Single instruction, multiple thread (SIMT) is an execution model used in parallel computing where single instruction, multiple data (SIMD) is combined with multithreading.

The processors, say a number p of them, seem to execute many more than p tasks. This is achieved by each processor having multiple "threads" (or "work-items" or "Sequence of SIMD Lane operations"), which execute in lock-step, and are analogous to SIMD lanes.

The SIMT execution model has been implemented on several GPUs and is relevant for general-purpose computing on graphics processing units (GPGPU), e.g. some supercomputers combine CPUs with GPUs.

SIMT was introduced by Nvidia:

[Nvidia's Tesla GPU microarchitecture] (first available November 8, 2006 as implemented in the "G80" GPU chip) introduced the single-instruction multiple-thread (SIMT) execution model where multiple independent threads execute concurrently using a single instruction.

ATI Technologies (now AMD) released a competing product slightly later on May 14, 2007, the TeraScale 1-based "R600" GPU chip.

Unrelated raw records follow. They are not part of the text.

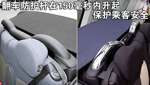 新一代Mini Cooper和Mini Cooper S敞篷版標配機電操控翻車防護桿,其隱蔽在后座椅后面。車內中央安全電子控制系統(tǒng)在車身可能發(fā)生翻滾的150毫秒內,可以迅速升起防護桿,從而保證車內駕乘人員的安全。
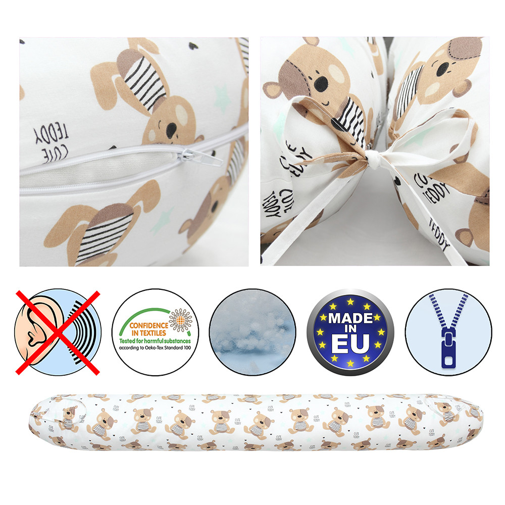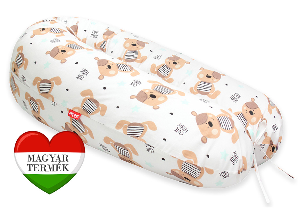 A terhesség a nő felejthetetlen, leggyönyörűbb élménye. Ennek ellenére azonban vannak olyan pillanatai, amiket mégis szívesen felejtenénk: a pocak növekedtével bekövetkező rossz testtartás okozta hátfájás, a kényelmetlen éjszakák, amikor azt sem tudjuk, merre forduljunk, hova helyezzük édes terhünket.Stella univerzális párna többfunkciós:1. Használható a terhesség alatt:- Segít a kényelmes testhelyzet felvételében.- Alátámasztja a hasat és a combokat.- mindeközben kényelmes, puha párnát biztosít a fejnek.- A megtámasztott fekvő testhelyzet komfortos a mamának, és a babának egyaránt.2. Használható szoptatáshoz:A szoptatás alatt nagyon fontos, hogy anya és gyermeke szoros testi kapcsolatban legyen. A gyermek egész teste érintkezzen édesanyja testével. Szoptatás alatt az anya testhelyzete egyenes, nem görnyedt, a baba fordul édesanyja felé, miközben egyik kezével átöleli őt. Nem az a anyának kell a gyermek fölé hajolni, hanem a babának kell a mellre fordulnia!Tehát első lépésként csavarjuk a párnát a derék köré, majd hátunk mögött kössük össze. Paskoljuk azt formára, majd vegyük kezünkbe a babát. 3. Használat bölcsőkéntKössük össze a párnát két végénél. Paskoljuk a megfelelő formára, majd a kialakított bölcsőbe fektessük bele a gyermeket.4. Használat támasztékként kiságyban, játék közben. Véd a kemény tárgyaktól, vagy a hideg falfelülettől.A párna külső huzataMéret: 150cm x 30cmA huzat leszedhető. Az évszaknak és az igényeknek megfelelően többféle kelméből készülhet. Két végébe zsinórt varrtunk, így a párna végeinél összeköthető.A párnaMérete: 160-155cm x 28cm- Csendes! Használat közben nem zsizseg, nem súrlódik a töltet.- Mosógépben mosható! Sőt! A mosások alkalmával a párna szinte felpuffad, felfrissül.
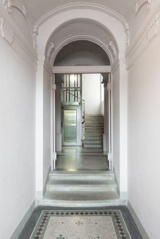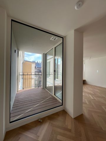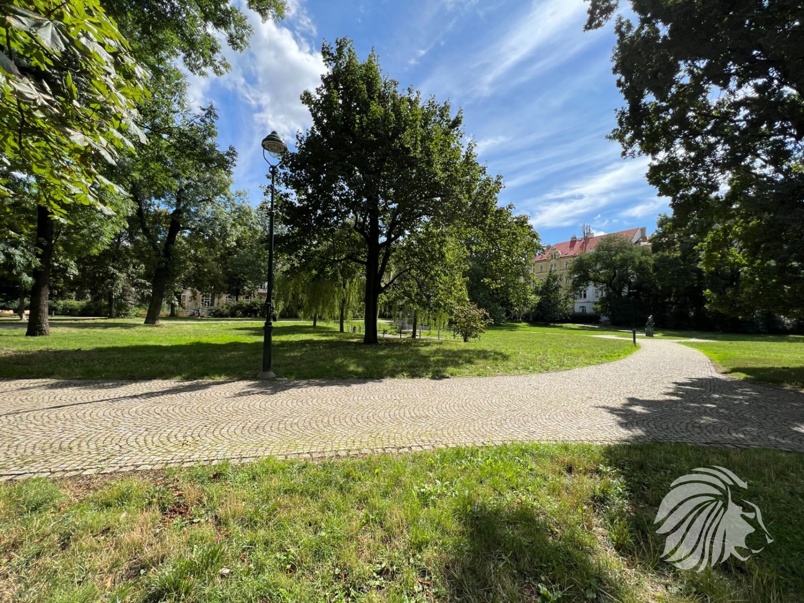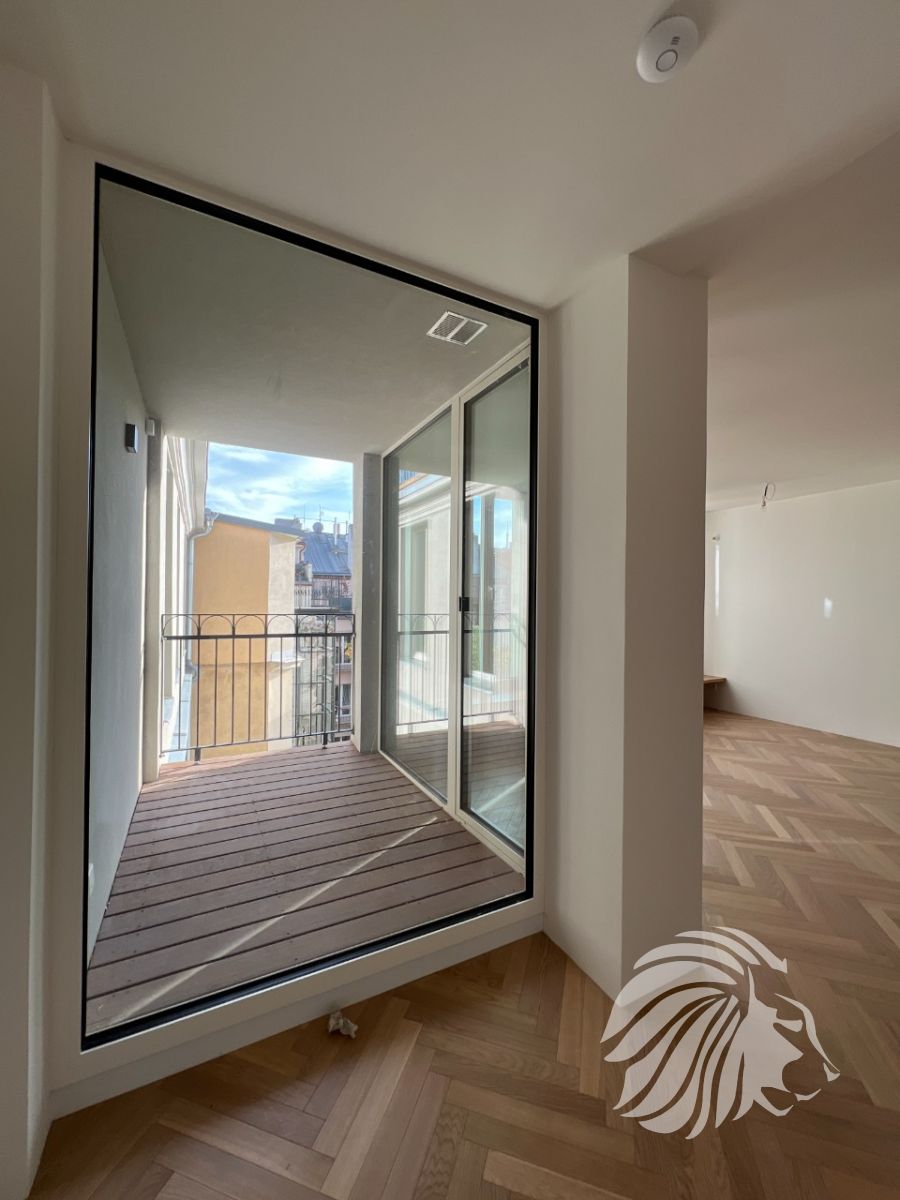 Nadstandardní, energeticky velmi úsporné bydlení je orientováno na SZ do ulice a JV do velmi klidného vnitrobloku, kam směřuje jak terasa, tak i lodžie. Obě jsou pokryty vysoce odolným exotickým dřevem Iroko. Pohled do vnitrobloku je velmi příjemný díky jeho rozlehlosti a fasádám po rekonstrukci.

As access time of all the widespread RAM types (e.g. DDR SDRAM, GDDR SDRAM, XDR DRAM, etc.) is still relatively low, engineers came up with the idea to hide the latency that inevitably comes with each memory access. Strictly, the latency-hiding is a feature of the zero-overhead scheduling implemented by modern GPUs. This might or might not be considered to be a property of 'SIMT' itself.